◆ **RAW DATA**

----

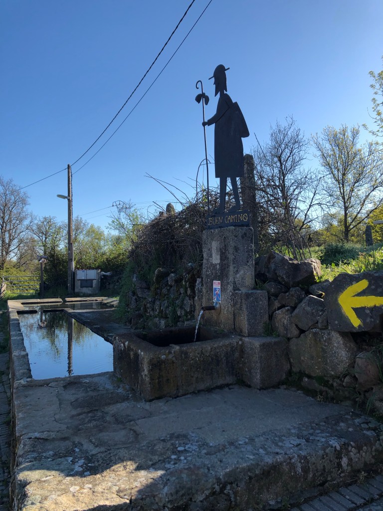 Ich habe gestern einen sehr schönen Abend verbracht mit Anna, noch einer anderen deutschen Pilgerin, die in die andere Richtung läuft und Bill aus Neuseeland. Es war so lustig. Bill und ich waren die einzigen, die diesen Bach überquert haben, die anderen wurden alle bereits beim Arco de Caparra abgeholt. Bill fragte mich: «Verrate mir wie du diesen Bach überquert hast», ich antwortete ihm ich habe die Socken ausgezogen, die Sohlen rausgenommen und bin einfach rüber marschiert. Tönt jetzt einfacher als es wirklich war aber er war beeindruckt😂. Bill ist sehr groß, er hat Schuhgröße 48. Er ist auf den Stein, den es weggeschwemmt hat, rauf gesprungen😱. Der war ca. 2m vom Ufer entfernt, da war ich beeindruckt. Wir saßen am Tisch und haben uns gegenseitig abgeklatscht.
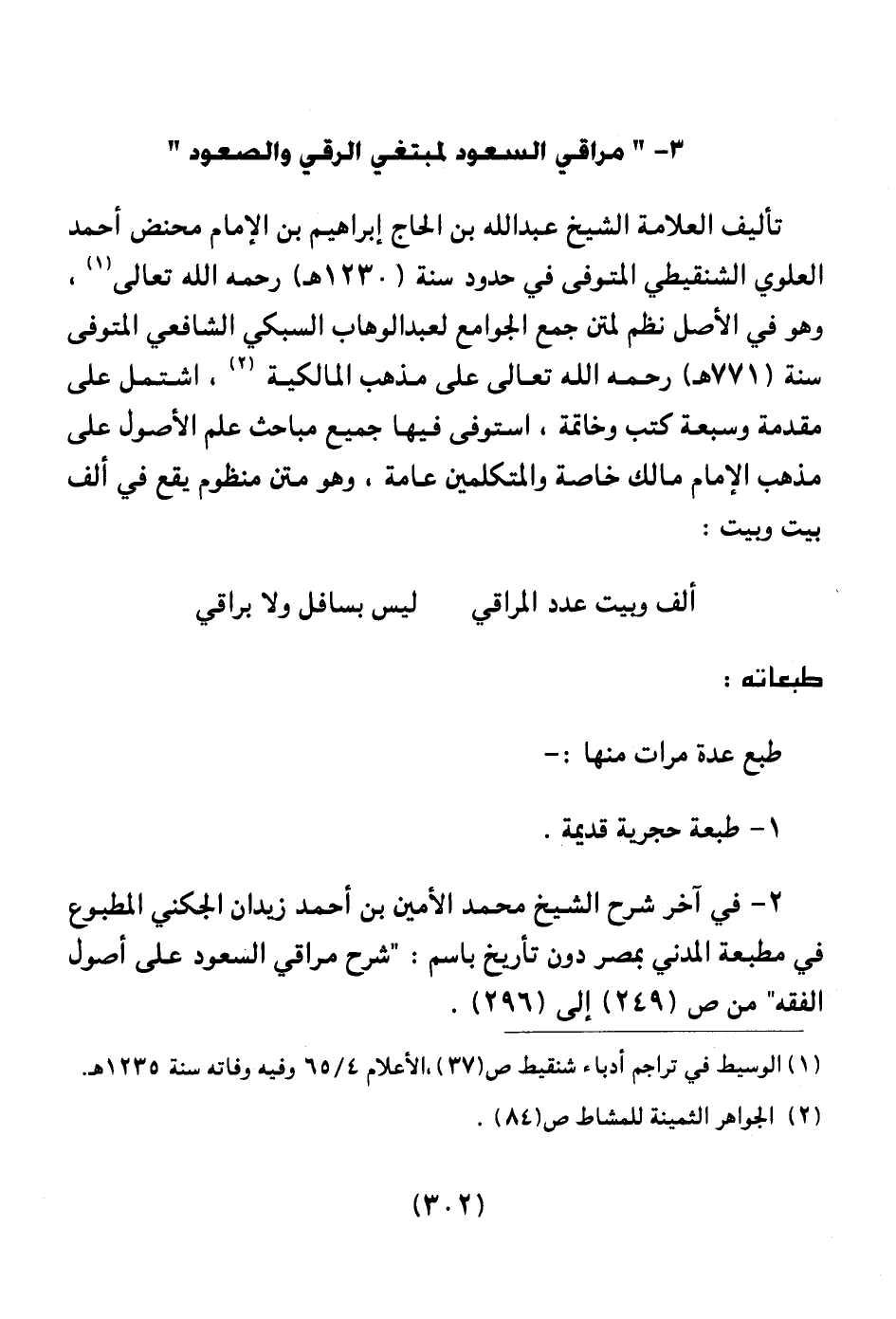 2 ـ في آخر شرح الشيخ محمد أمين بن أحمد زيدان الجكني المطبوع في مطبعة المدني بمصر دون تاريخ باسم: " شرح مراقي السعود على أصول الفقه " من ص (249) إلى (296) .
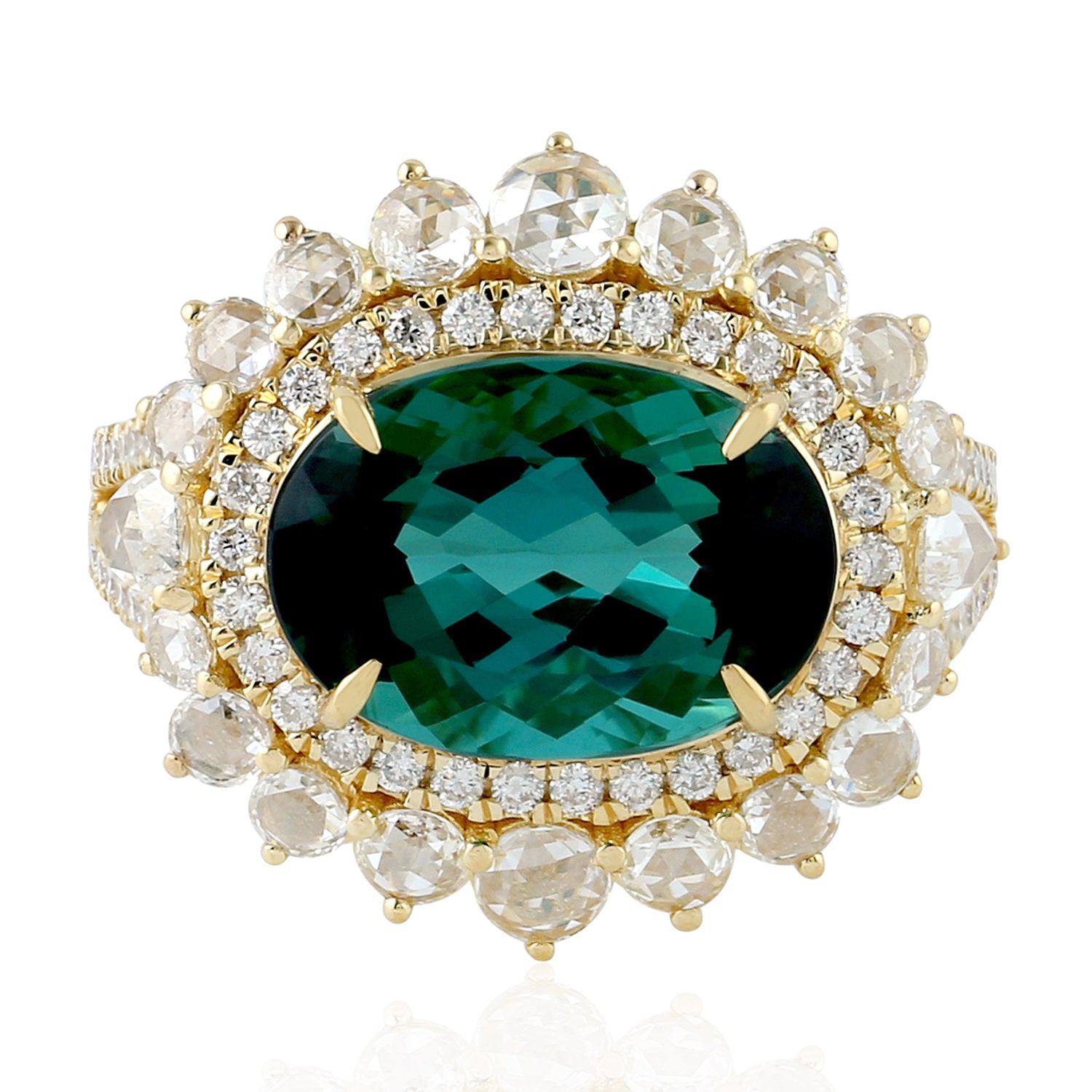 Oval Cut Green Tourmaline Rose Cut Diamond In 18k Yellow Gold Beautiful Ring
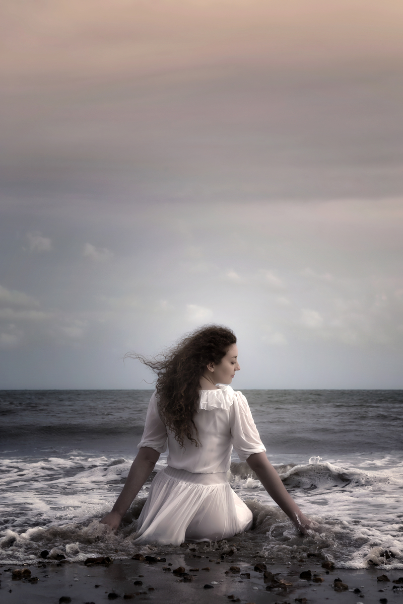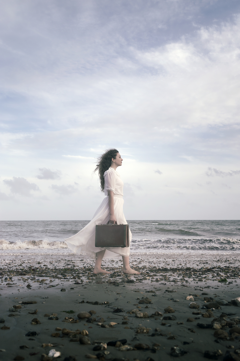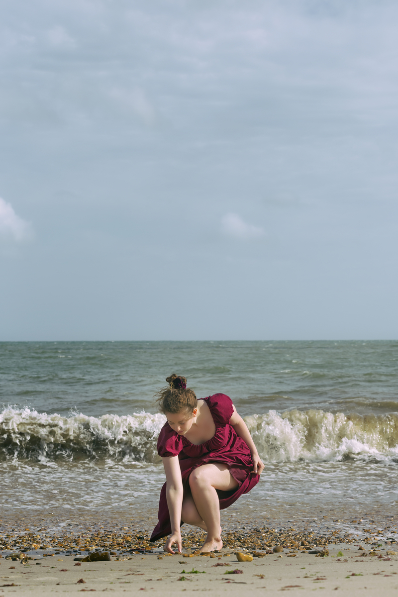 Later, I’m really not sure what would have looked more strange to the woman strolling past along the beach, me sitting nude on a wooden chair on the sand, or Peter using a house-hold broom to meticulously smooth out the sand around me. He didn’t quite succeed in sweeping up the whole beach, but we did make these images, the first of which is called ‘Amphitrite’:

----

◆ **TASK DESCRIPTION**
Copy out all the data exactly; skip the pictures.

◆ **COMPLETED TASK**
 Ich habe gestern einen sehr schönen Abend verbracht mit Anna, noch einer anderen deutschen Pilgerin, die in die andere Richtung läuft und Bill aus Neuseeland. Es war so lustig. Bill und ich waren die einzigen, die diesen Bach überquert haben, die anderen wurden alle bereits beim Arco de Caparra abgeholt. Bill fragte mich: «Verrate mir wie du diesen Bach überquert hast», ich antwortete ihm ich habe die Socken ausgezogen, die Sohlen rausgenommen und bin einfach rüber marschiert. Tönt jetzt einfacher als es wirklich war aber er war beeindruckt😂. Bill ist sehr groß, er hat Schuhgröße 48. Er ist auf den Stein, den es weggeschwemmt hat, rauf gesprungen😱. Der war ca. 2m vom Ufer entfernt, da war ich beeindruckt. Wir saßen am Tisch und haben uns gegenseitig abgeklatscht.
 2 ـ في آخر شرح الشيخ محمد أمين بن أحمد زيدان الجكني المطبوع في مطبعة المدني بمصر دون تاريخ باسم: " شرح مراقي السعود على أصول الفقه " من ص (249) إلى (296) .
 Oval Cut Green Tourmaline Rose Cut Diamond In 18k Yellow Gold Beautiful Ring
 Later, I’m really not sure what would have looked more strange to the woman strolling past along the beach, me sitting nude on a wooden chair on the sand, or Peter using a house-hold broom to meticulously smooth out the sand around me. He didn’t quite succeed in sweeping up the whole beach, but we did make these images, the first of which is called ‘Amphitrite’:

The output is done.